64-letni obecnie Gretzky strzelił 894 bramki w... 1487 meczach zasadniczej części rozgrywek, także w ciągu 20 sezonów, reprezentując barwy Edmonton Oilers, Los Angeles Kings, St. Louis Blues i New York Rangers, zanim w 1999 roku zakończył karierę.
Po spotkaniu Caps z „Czarnymi Jastrzębiami” Gretzky pogratulował Rosjaninowi osiągnięcia w szatni drużyny z Waszyngtonu.
„Od wielkiego do wielkiego”
– głosi podpis pod zdjęciem hokeistów, które pojawiło się na portalach społecznościowych Caps.
Owieczkin ujawnił, co Gretzky napisał mu przed meczem. Jak zacytował Rosjanina „The Athletic” słynny Kanadyjczyk miał napisać Aleksandrowi:
„Zdobądź trzy gole i ta historia się skończy”.
Legendarny kanadyjski napastnik i posiadacz licznych rekordów NHL Gretzky odpowiedział na pytanie, czy czuje gorycz z powodu wyrównania jego rekord bramek w NHL.
– Nie, wcale, ani trochę. Cieszę się z powodu Alexa. Mój dziadek był Rosjaninem, byłby bardzo szczęśliwy, gdyby Rosjanin pobił mój rekord. Dobra robota, Alex. Jestem dumny, że jest remis między nami. Mogę z tym żyć przez kolejne 24 godziny. Do zobaczenia w niedzielę
– zacytował Gretzky'ego „The Athletic”.

– Oczywiście cieszę się, że udało mi się osiągnąć taki wynik na oczach naszych fanów, rodziny, dzieci, żony. Wiem, że wiele osób oglądało ten mecz, że śledzą mnie w Rosji. Dlatego cieszę się, że wszystko się udało
– powiedział Owieczkin.
Rosjanin ostatni błyszczy skutecznością – uzyskał 15 goli w 20 spotkaniach. Zaskakuje tym ligowych statystyków, którzy wcześniej prognozowali – na podstawie liczb z jego kariery i tego sezonu, że bramkę numer 895 powinien zdobyć w... przedostatnim meczu, czyli 15 kwietnia przeciw New York Islanders. Teraz wygląda na to, że uczyni to szybciej.

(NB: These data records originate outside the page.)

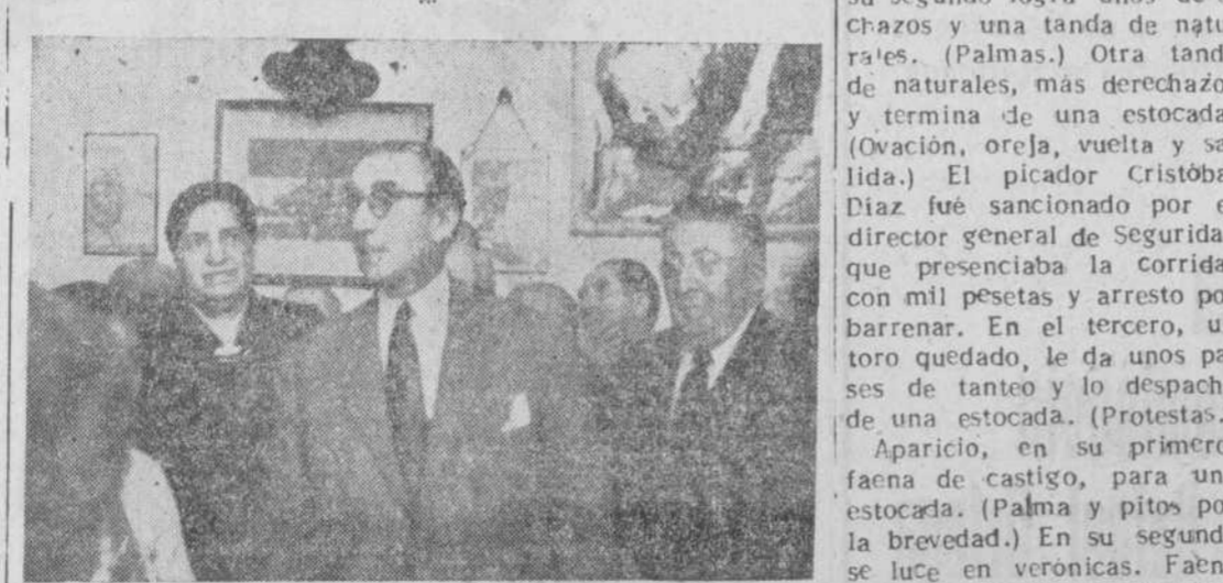
El alcalde de Salamanca, en la inauguración del Museo Taurino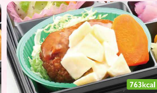
9 ポテサラハンバーグ カニクリームコロッケ/玉ねぎスープ煮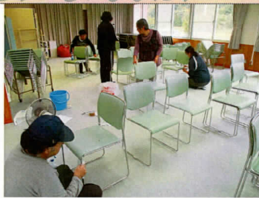
10/11 すみれ荘環境整備 (よつばの会様)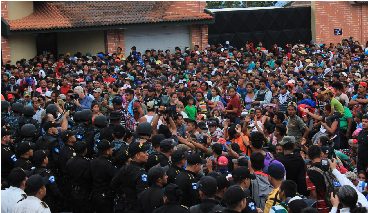
De un lado la Caravana Migrante compuesta de hombres, mujeres, ancianos y niños; del otro, un grupo de policías que les impide el paso.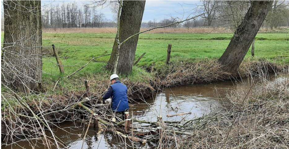
Een algemeen bestuur werd gewijd aan de waterproblematiek en vond plaats bij Waterschap Brabantse Delta. Waterschap Brabantse Delta en Provincie Antwerpen werken samen aan grensbeek het Merkske

Owieczkin mógł przejść do historii znacznie wcześniej, ale na przełomie listopada i grudnia opuścił 16 meczów z powodu kontuzji.
Urodził się w Moskwie w 1985 roku. Jego ojciec był piłkarzem, a matka – koszykarką. On sam jednak szybko przejawiał talent do hokeja. Bił rekordy jako junior i w 2004 roku został wybrany w drafcie do NHL przez Washington Capitals, z którymi związał całą karierę w USA.
Z powodu lokautu, który wynikał ze sporu na tle płacowym, zadebiutował za oceanem dopiero w 2005 roku. Pierwsze dwa gole uzyskał 5 października 2005 przeciw Columbus Blue Jackets. W premierowym sezonie zdobył 52 bramki i został uznany Debiutantem Roku.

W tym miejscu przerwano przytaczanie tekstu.